Representative coefficients (per-region values override these where available):

Component

Coefficient

Basis

vCPU — AWS

~2.12 W per vCPU

vendor fleet average

vCPU — Azure

~2.27 W per vCPU

vendor fleet average

vCPU — GCP

~2.49 W per vCPU

vendor fleet average

Memory

0.000392 kWh/GB

DDR4/DDR5 server memory

SSD

0.00000175 kWh/GB

~2 W per TB

HDD

0.0000003 kWh/GB

~0.3 W per TB

Networking

0.001 kWh/GB

~1 W per Gbps throughput

  • CPU is modeled around mid-utilization between a VM's idle and peak draw where known.

  • GPU uses the model's rated power from the VM spec, multiplied by the GPU count.

  • When VM specs are unknown, defaults are assumed: 1 vCPU + 4 GB RAM (general), 4 vCPU + 16 GB RAM (AI workloads).

PUE (data-center overhead). Applied per region where the provider publishes it; otherwise a vendor fallback is used — AWS ~1.15, Azure ~1.185, GCP ~1.1.

Emissions

Electricity is converted to CO2 using the carbon intensity of the region's electricity grid. GCP publishes per-region factors; for AWS and Azure, Spotter uses public grid averages (sources include the European Environment Agency, EPA and Electricity Maps). When a region or factor is unknown, a vendor fleet-average factor is used (AWS ~0.369, Azure ~0.343, GCP ~0.412 kgCO2/kWh).

Emissions are location-based: they reflect the local grid mix and do not account for providers' renewable-energy purchases or carbon offsets. Those can be applied separately when assessing Scope 3 emissions.

Water

Water combines two parts, per region:

  • On-site — cooling water at the data center, via its Water Usage Effectiveness (WUE). Vendor fallbacks: AWS ~0.15, Azure ~0.27, GCP ~1.0 L/kWh, with per-region values where published. Google publishes no per-region WUE table; the only GCP regions set apart are the data centers it states are air-cooled (Montréal, Phoenix, Sydney), treated as ~0 on-site water — every other GCP region uses the ~1.0 fallback.

  • Off-site — water used to generate the electricity, via a grid water-intensity factor (EWIF). Per-region where available; otherwise a US grid average of ~3.1 L/kWh.

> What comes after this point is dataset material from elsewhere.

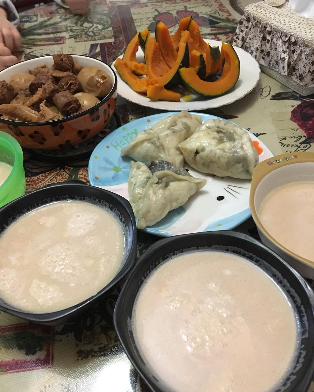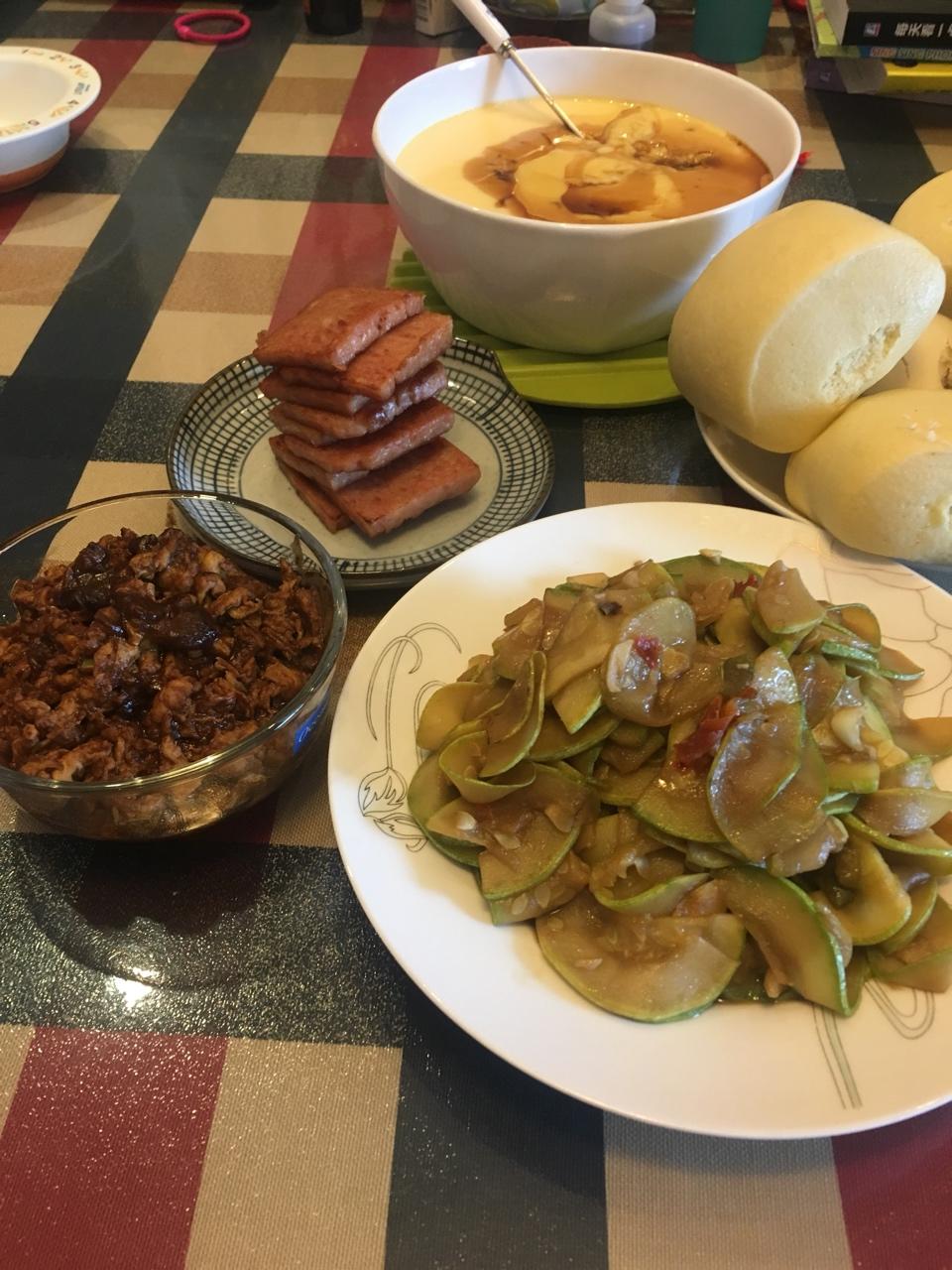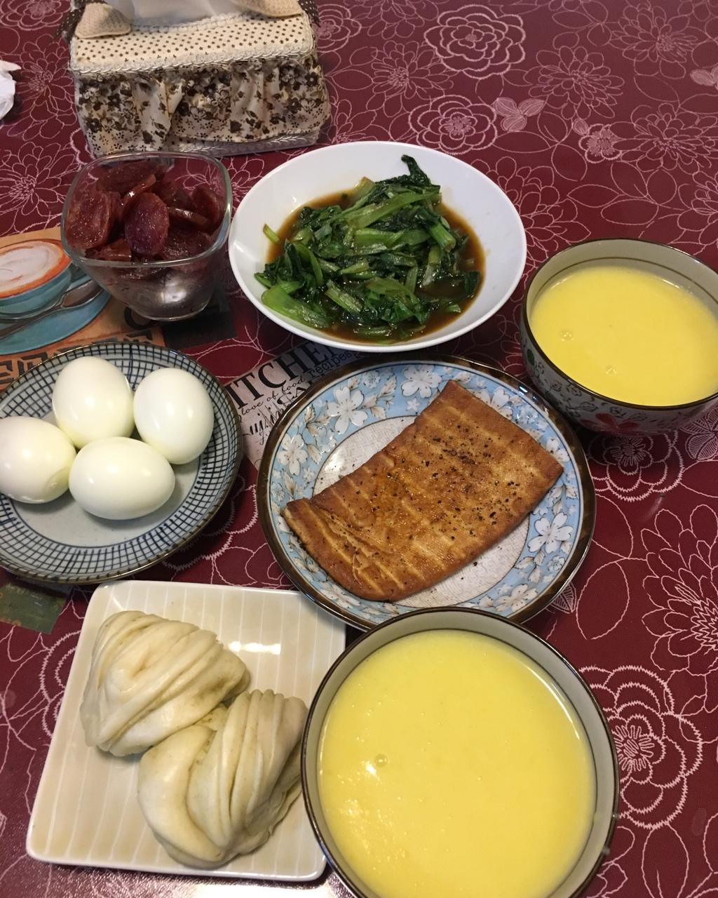 清炒鸡毛菜、大姨自己灌的广式香肠、黑椒煎豆干、水煮蛋~~一个大南瓜蒸熟,放料理机+牛奶打成糊,煮进玉米糊糊里,南瓜牛奶玉...

Water-stressed share. Spotter also shows what portion of water use falls in water-stressed regions — those the WRI Aqueduct 4.0 atlas rates "high" or "extremely high" baseline water stress (≥40% of available supply withdrawn annually). It is a binary regional flag, not a scarcity-weighted volume.

AI usage

AI token usage is estimated from token counts using per-model-class energy coefficients, weighted toward output tokens (input/cached tokens count for ~10% of an output token). Approximate values:

Model class

kWh per million output tokens

Embedding

0.02

Small

0.1

Medium

0.4

Large

1.3

Frontier / reasoning

2.5

These are rougher than the hardware-based compute figures, since providers don't disclose the model or hardware behind a token.

On-premises comparison

To estimate savings versus running the same workload on-premises, Spotter applies a reference on-prem PUE of 1.55 (Uptime Institute Global Data Center Survey 2024) against the more efficient cloud PUEs above. This is a generic benchmark — a specific on-prem facility may differ.

ESG / CSRD reporting

Spotter supports ESG and CSRD reporting by giving visibility into Scope 3 cloud emissions, energy and water across AWS, Azure and GCP, from the start of the previous calendar year through the current month. The outputs are estimates intended to support reporting and decision-making, not to replace audited emissions accounting.